In the last four years the number of Canadian, American, French, British, and Australian citizens children taken to Japan by quadrupled, according to American View, a webzine published by the American Embassy in that country. By itself, the Canadian Department of Foreign Affairs handles 33 cases of abduction and custody involving Japan, which represents almost half of the 77 cases of kidnapping of which he is responsible. France, the UK and the United States, there are two to three times more cases. “I help hundreds of other fathers, who are convinced that the authorities can do nothing for them,” says  Californian Eric Kalmus, founder of the Japan Children’s Rights Network.

“The number of cases has exploded since the advent of the internet. Women that abduct help each other online,” he revealed. “They swap tips on networking site Mixi.jp, Facebook Japanese.”

"A truly disastrous situation"

Last year, three French fathers committed suicide a few months apart. “Me too, I thought,” says Christian Larochelle. “If I did not have a son from my previous marriage, I do not know what I would have done…”.

“When I ride alone at night, when I see the moon, that Sophie loved, I can not accept that I'll never do it again.  I won’t ever bring her to the farm or the candy store, I cant go into a party school anymore.”

In March 2010 the situation was a little less desperate. Ten days after the arrival of his daughter in Tokyo, Larochelle had at least received a brief email. And during the first few months, he managed to talk to her every week.

Last September, he found that Sophie’s comprehension of the French language had suffered greatly, she no longer understood him, nor could he comprehend her. Her mother, contrary to what she had promised the court, had not entered Sophie in a French nursery. Since then there is silence. “I call, I write several times a week, there's nothing else I can do,” he said, brandishing the copies of hundreds of attempts to contact her.

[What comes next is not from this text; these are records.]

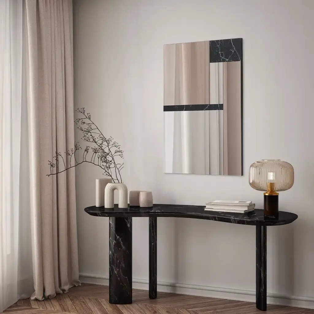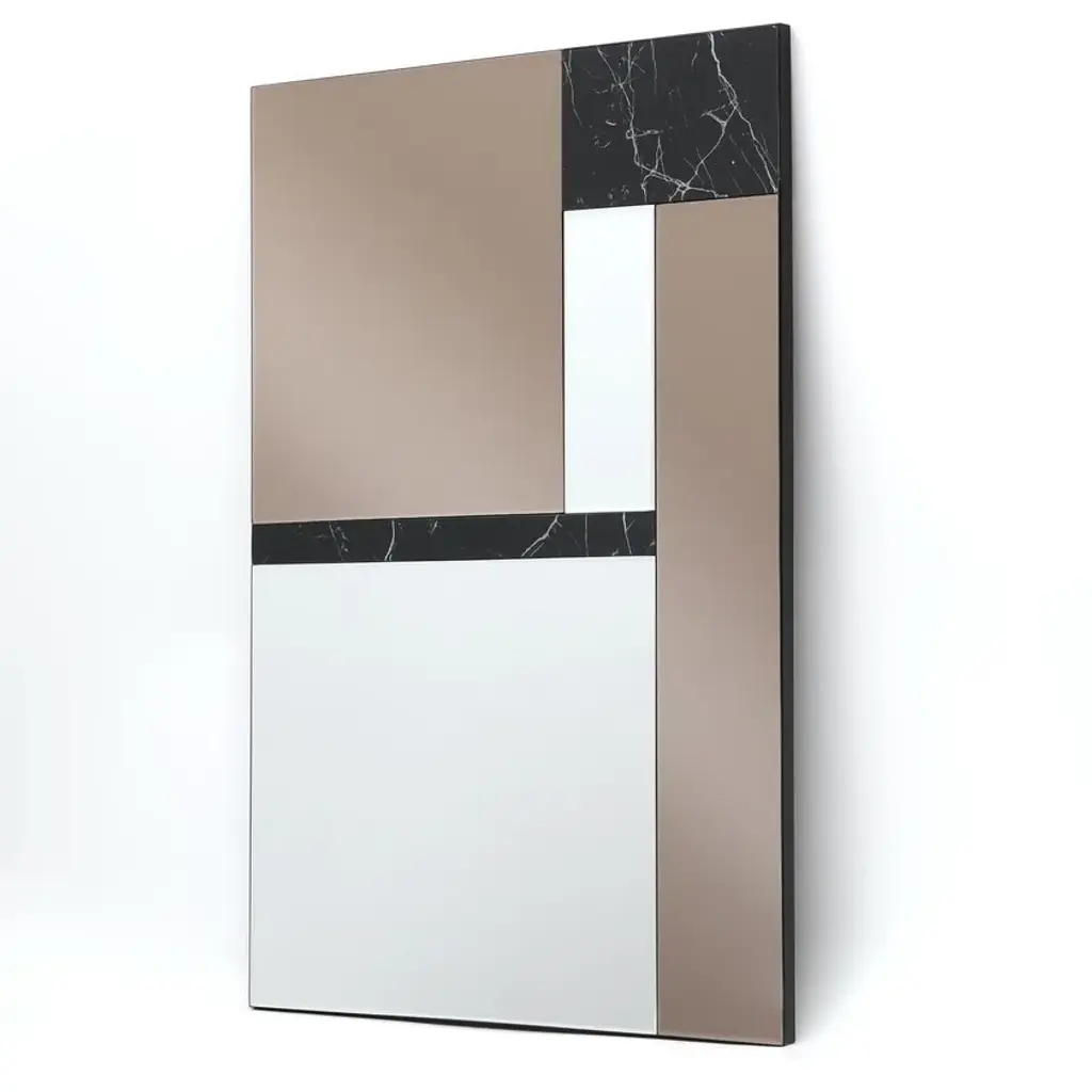 Marquinia 2 is a decorative mirror with an innovative design. Its elegant linear structure offers a double reflection experience thanks to its fully reflective silver and burnished sections. The black marble finish detailing completes the luxurious aesthetics of this mirror. It can be positioned either vertically or horizontally, making it a versatile and ideal choice for customising any setting according to the specific needs of the space.The AGAVE Art Mirrors collection was born from the desire to merge the art of painting with the functionality of mirrors into a unique and innovative piece of furniture: the Art Mirror. Launched in 2024 to celebrate the 15th anniversary of the AGAVE brand, this collection celebrates the excellence of contemporary art in interior design. These unique mirrors transform spaces into elegant and characteristic environments, perfect for design projects that require a distinctive touch. Discover how the AGAVE collection can enrich and enhance your projects with style and sophistication.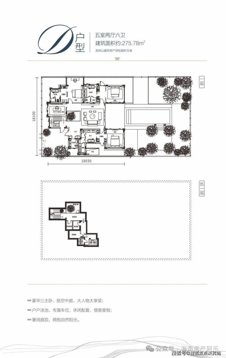 D户型:五室两厅六卫 / 建面约275㎡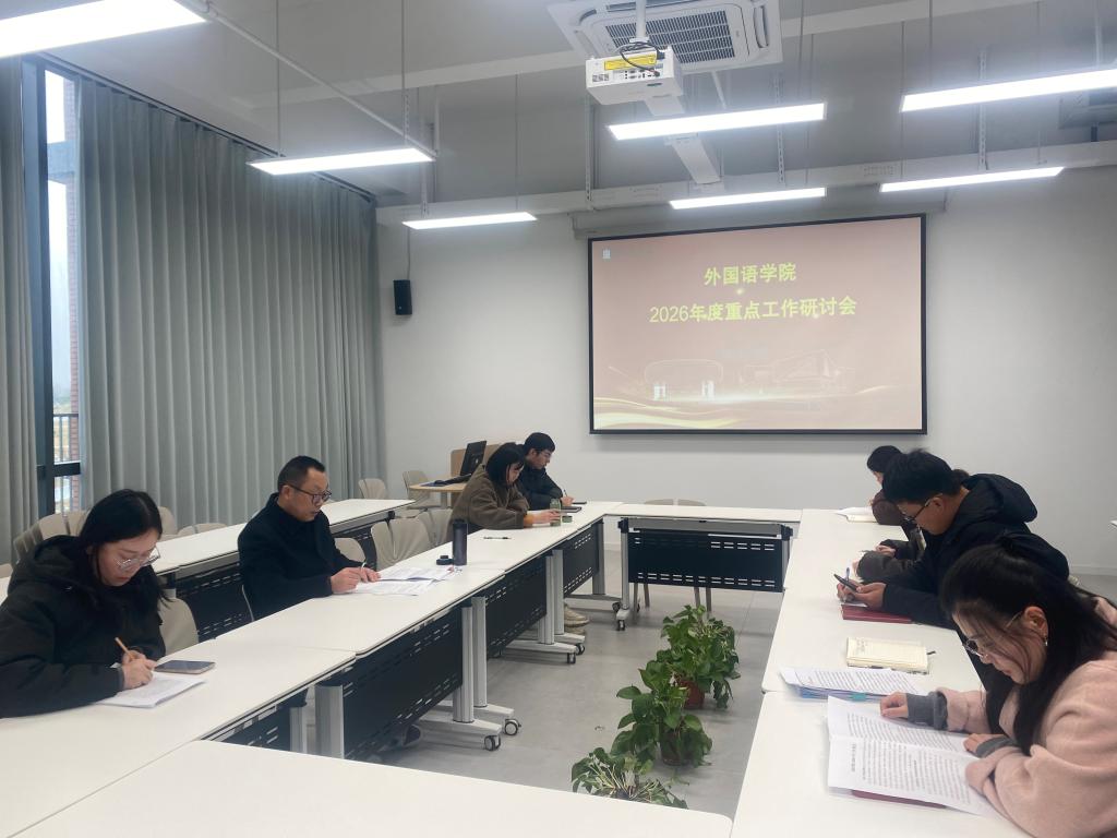 为进一步凝聚发展共识、明确年度目标,3月17日下午,外国语学院召开2026年度重点工作研讨会。外国语学院院长罗德喜、党总支书记程娇炎、教学副院长李静、班子成员、教务员及王晓梦老师等参会。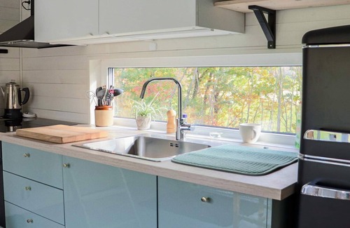 Layout: Kitchen(stove(induction), coffee machine, microwave, dishwasher, fridge-freezer, high chair, water from well), Living/bed room(double folding bed, TV, chromecast), bathroom(washbasin, shower, toilet, washing machine), mezzanine(single bed), mezzanine(single bed), air to air heatpump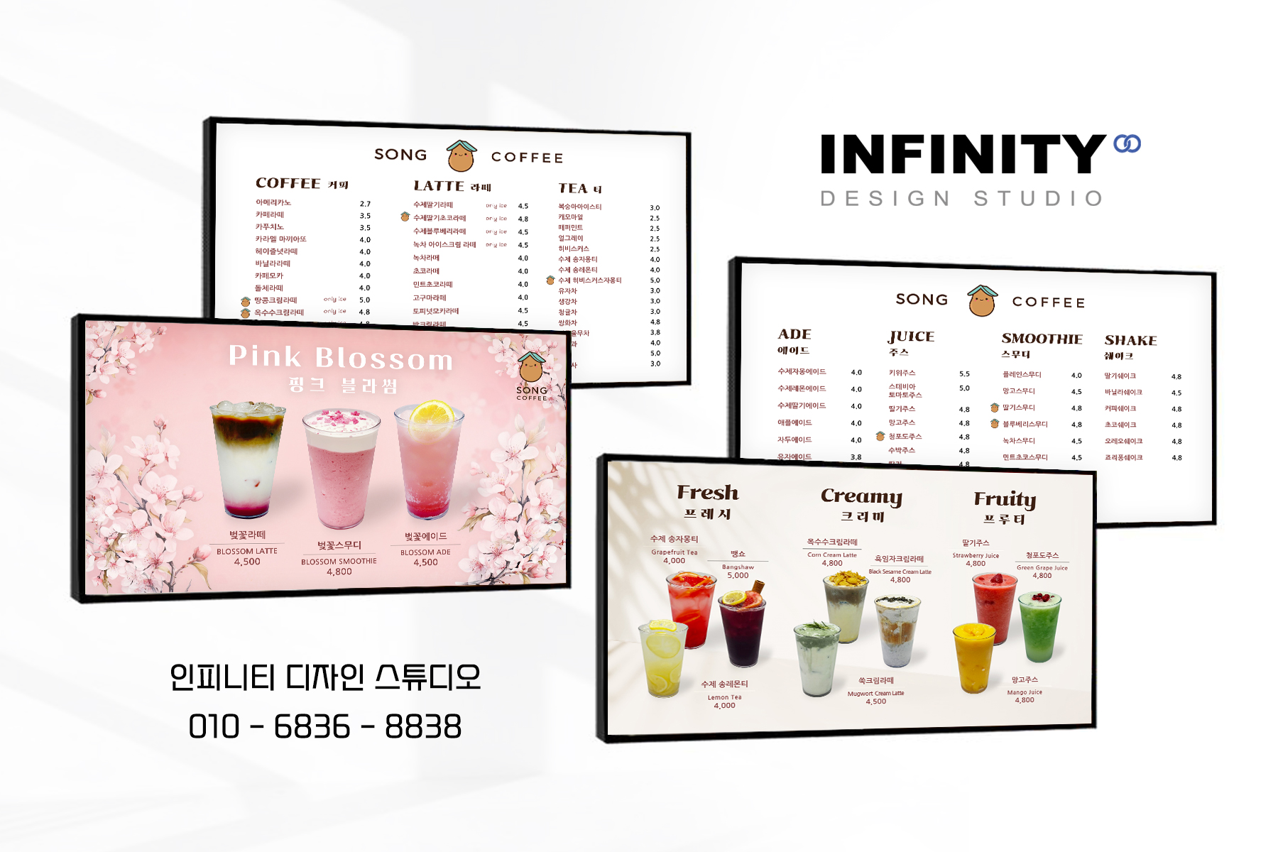 안녕하세요, 디자인, 제작 전문인피니티 디자인 스튜디오 입니다 :)오늘은 카페 LED메뉴판 디자인 소식포스팅 드립니다 ! 카페 운영 중 많이 활용하는 모니터 메뉴판3개 구성으로 맞춤 디자인해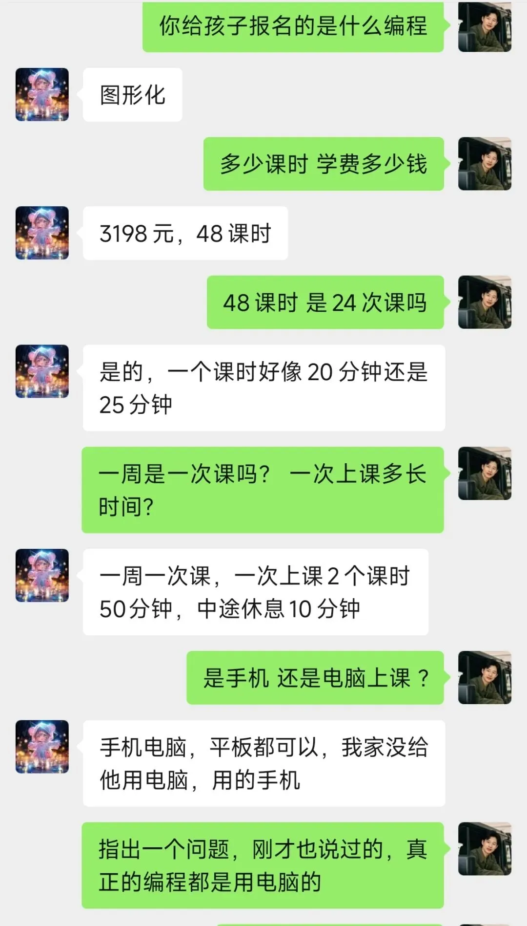 今天又一位家长被坑了,孩子一年级,妈妈刚给报了某个线上编程。居然让孩子用手机学编程,我真的从未听过,要知道真正的编程学习,都是用电脑的,除非是纯玩。这里做一个科普,先让孩子学编程锻炼逻辑思维能力,或者走科技特长生,必须用电脑。其次,我说为什么尽量不要去大机构学编程,不是说他们的课程不好,而是服务不行,再或者说下面的某些老师不行,为了完成业绩,各种吹嘘。结果课程到了孩子手里,就变样了。一个大的编程机构,怎么可能不知道不能用手机学编程?可是有些销售老师,偏偏说怎么都可以,真的是耽误孩子。在这里我想说一个常识,卖产品的大品牌和卖课程的大品牌不要放在一起比较,没什么可比性。实物产品,比如手机,电脑,空调等,我推荐选择大品牌。起码,我是这么做的。这些产品出厂必须经过国家相关检测,不合格是不能上市的。虚拟产品,我不推荐大品牌。尤其是课程类的,我推荐选择好老师。孩子最终是在跟老师学,不是跟品牌学。大的品牌的课程有可能是好的,可是经过一道道老师的介绍,后面真的会出现各种问题。尤其是遇到不专业的,又急需完成业绩的。我们常说,一步错,步步错。课程选择错了,后面不单单是浪费钱的问题,孩子学着不对应的课程,浪费孩子的时间,才是最大的坑。为什么家长一再出现这样的问题,不是家长的错,更不是孩子的错?当时市场出现非常混乱的销售模式时,家长要避坑就需要咨询相关专业人士,否则真的会得不偿失。实物产品用坏了,扔了就行了。虚拟的课程,尤其是不好的课程,让孩子学习,就是耽误孩子的时间。第二,1-4年级,孩子不是天赋型选手,首选图形编程第四,家长有时间的话,尽量陪着孩子一起学。图形编程就是中文编程,高中及以上学历完全不在话下。家长问,为什么小孩子都喜欢ht编程?城市套路深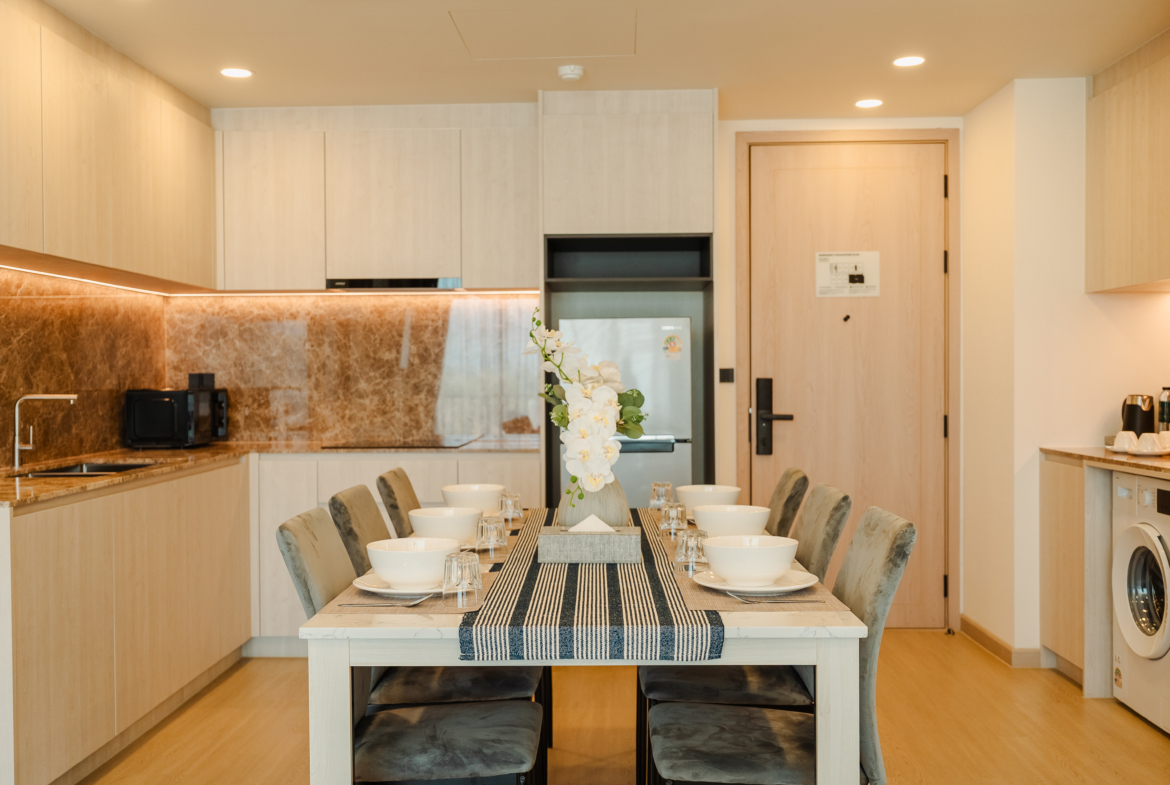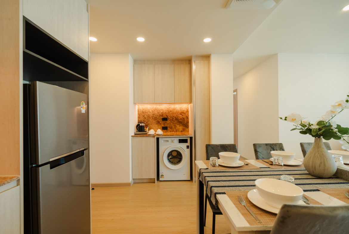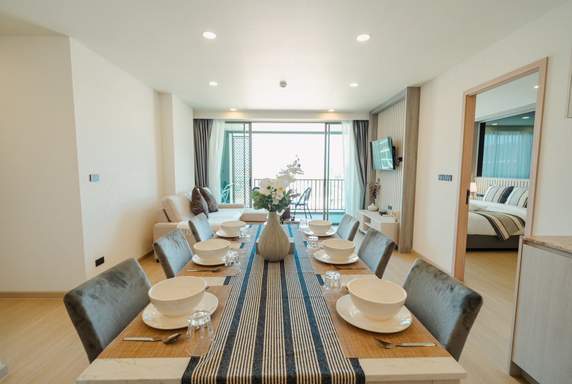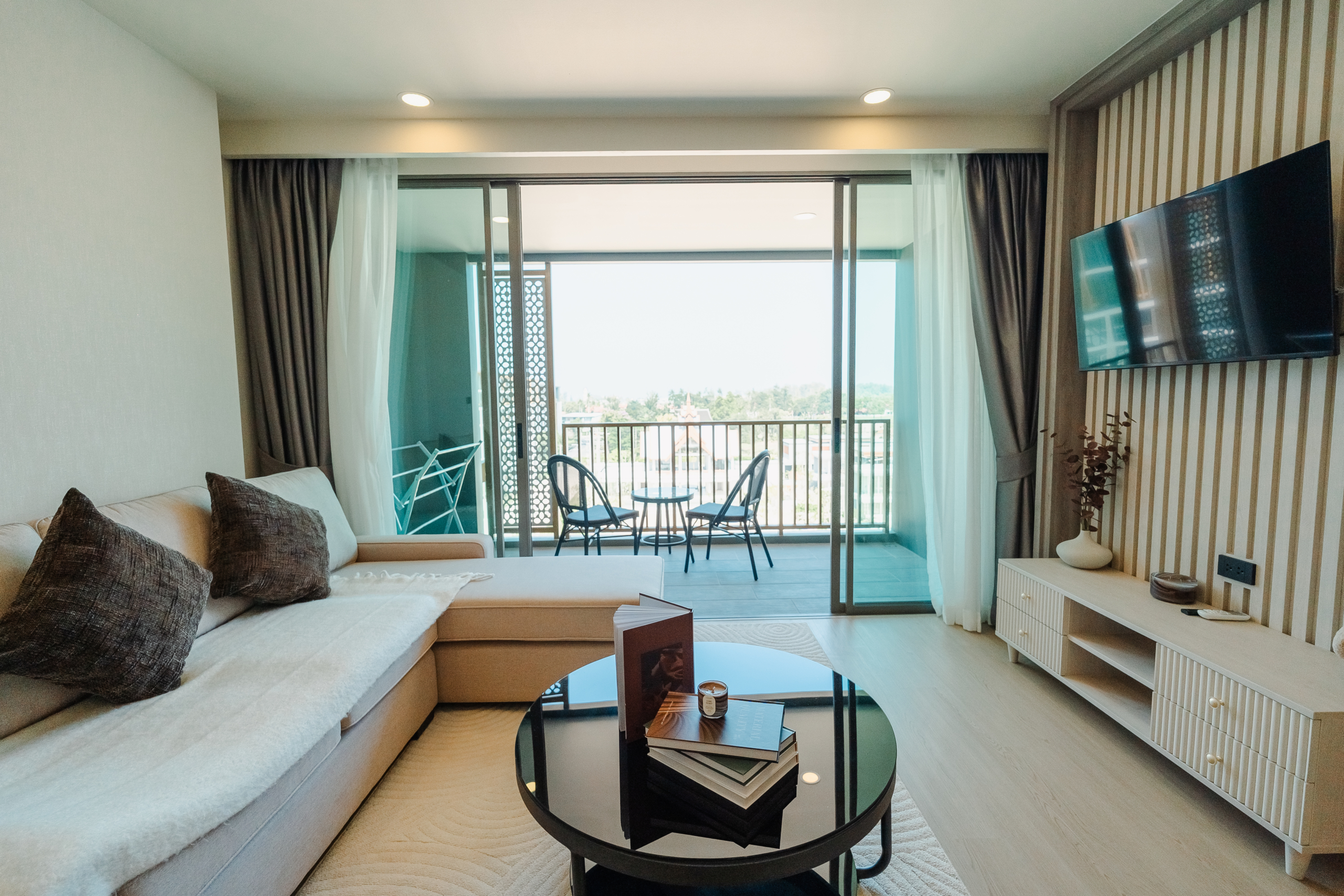 Located on the 7th floor of The Ozone Oasis Phase 2, this spacious 3-bedroom condominium offers stunning open views over Laguna Golf Course with beautiful sunset scenery. The 122 sqm layout features a bright open-plan living and dining area, modern kitchen, and a private balcony designed to maximize natural light and panoramic green views.

The only consolation, due to the Ministry of Foreign Affairs, he knew that Sophie was safe after the earthquake and tsunami of  March 11th.

The assistance of the authorities goes, “Prosecutors have other things to do than fight for the phone calls of 15 minutes advance there. I was told to bring a private complaint. But I'm not brave enough to contend with another refusal. When you pay taxes, and respect the rules, it is desperate to feel so helpless.”

“The father is in a really disastrous situation,” confirms Professor Alain Roy. “It would probably do little good to have a criminal trial against a Japanese citizen that cannot be extradited.”

Should Canadian courts be more cautious about Japan? “Since he could not presume the bad faith of the mother, the court failed to investigate whether Japan was a signatory to the 1980 Hague Convention on Civil Aspects of Internal Child Abduction or not,” said Benedict J. Emery, the lawyer representing Christian Larochelle in his case.

Christian Larochelle is convinced that what happened was "written in heaven." “It was good tour: he said.  Without knowing what would have pleased the judge, we had no idea how to fight . At least other will have case law to help in their fights.”


The information on this website concerns a matter of public interest, and is provided for educational and informational purposes only in order to raise public awareness of issues concerning left-behind parents. Unless otherwise indicated, the writers and translators of this website are not lawyers nor professional translators, so be sure to confirm anything important with your own lawyer.